#### [The data]
============================================================

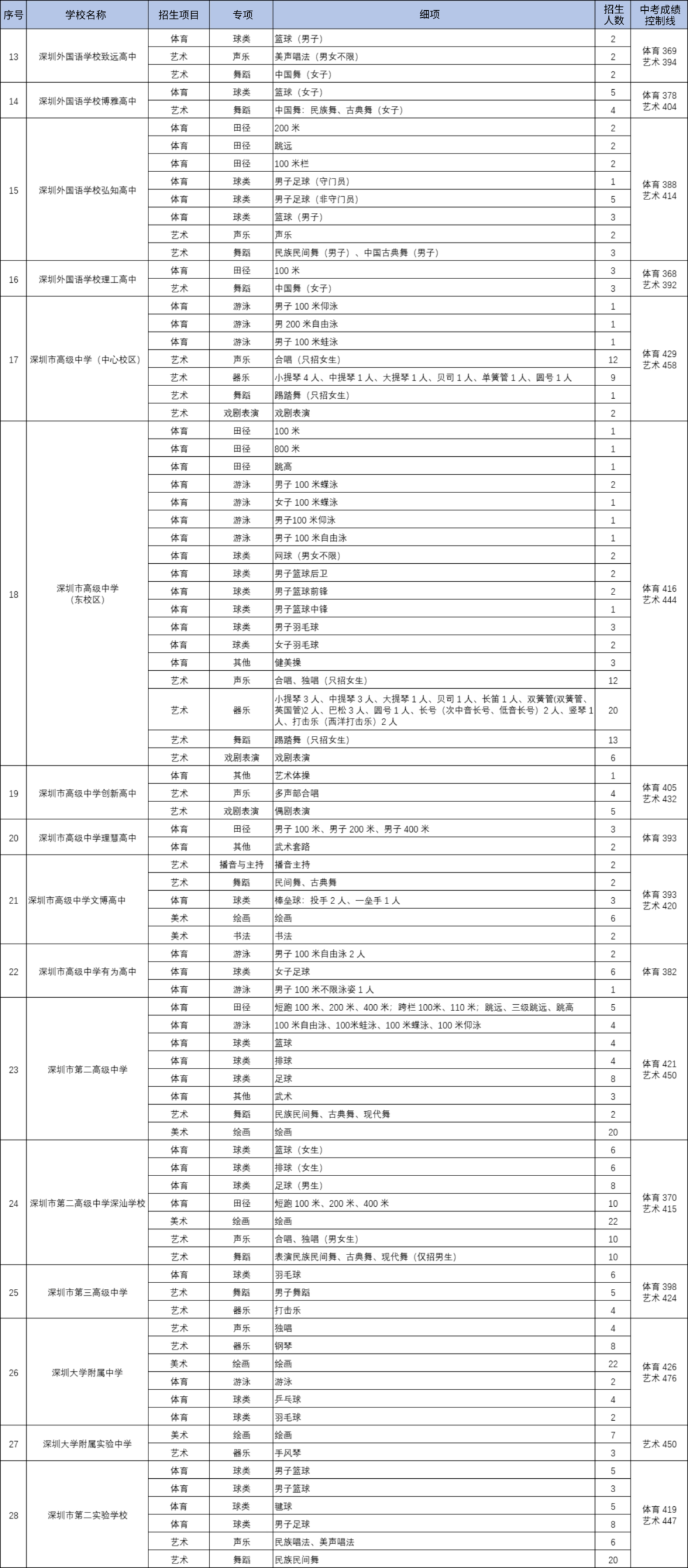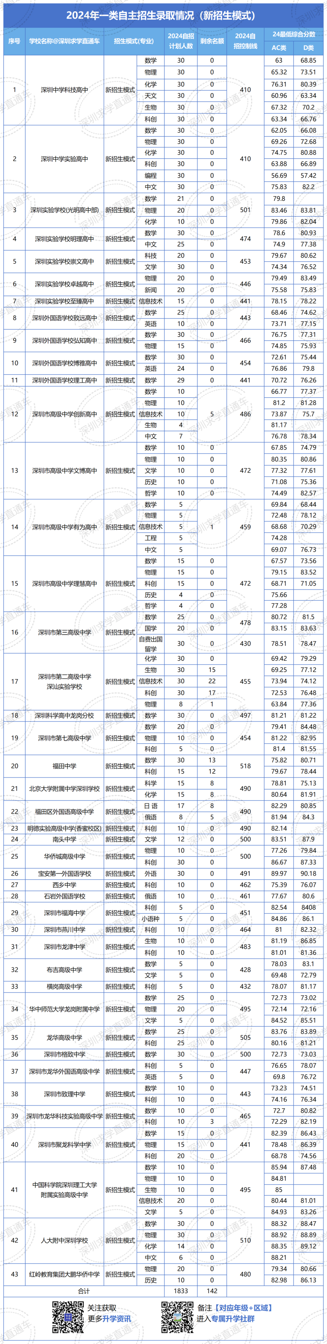 从上表可以看到,深圳2024年开展一类自招新招生模式的43所高中里:
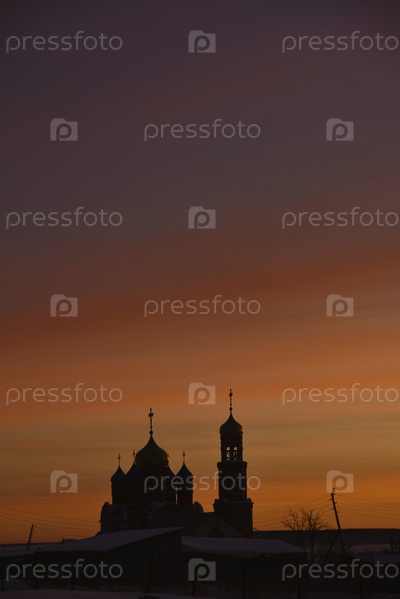 Христианская церковь на фоне красного заката
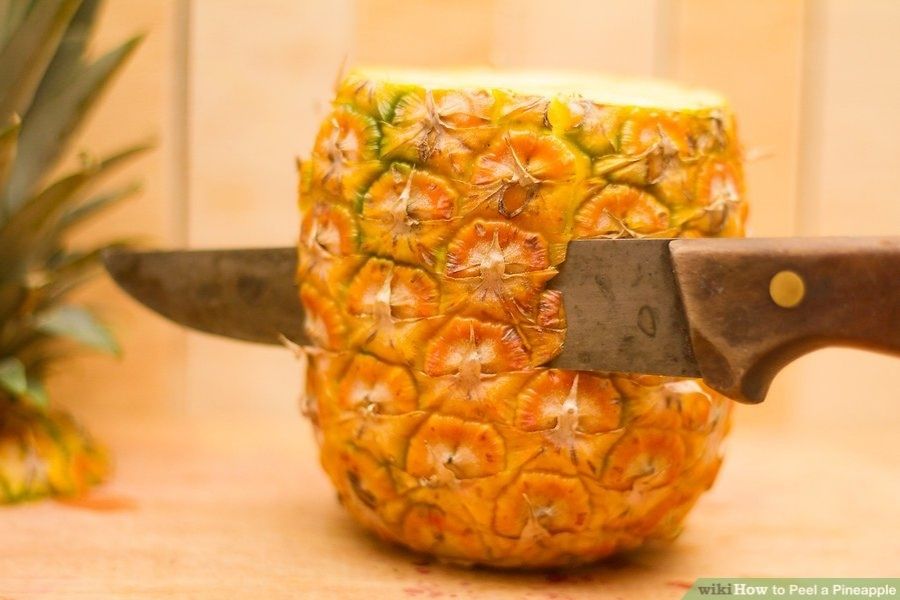 Bước 2: Sau đó, bạn đặt quả dứa thẳng đứng, hướng lên trên rồi dùng dao gọt xung quanh quả dứa để loại bỏ lớp vỏ.

============================================================

#### [Activity]
Transcribe the whole listing exactly but exclude images.

#### [Expected answer]
 从上表可以看到,深圳2024年开展一类自招新招生模式的43所高中里:
 Христианская церковь на фоне красного заката
 Bước 2: Sau đó, bạn đặt quả dứa thẳng đứng, hướng lên trên rồi dùng dao gọt xung quanh quả dứa để loại bỏ lớp vỏ.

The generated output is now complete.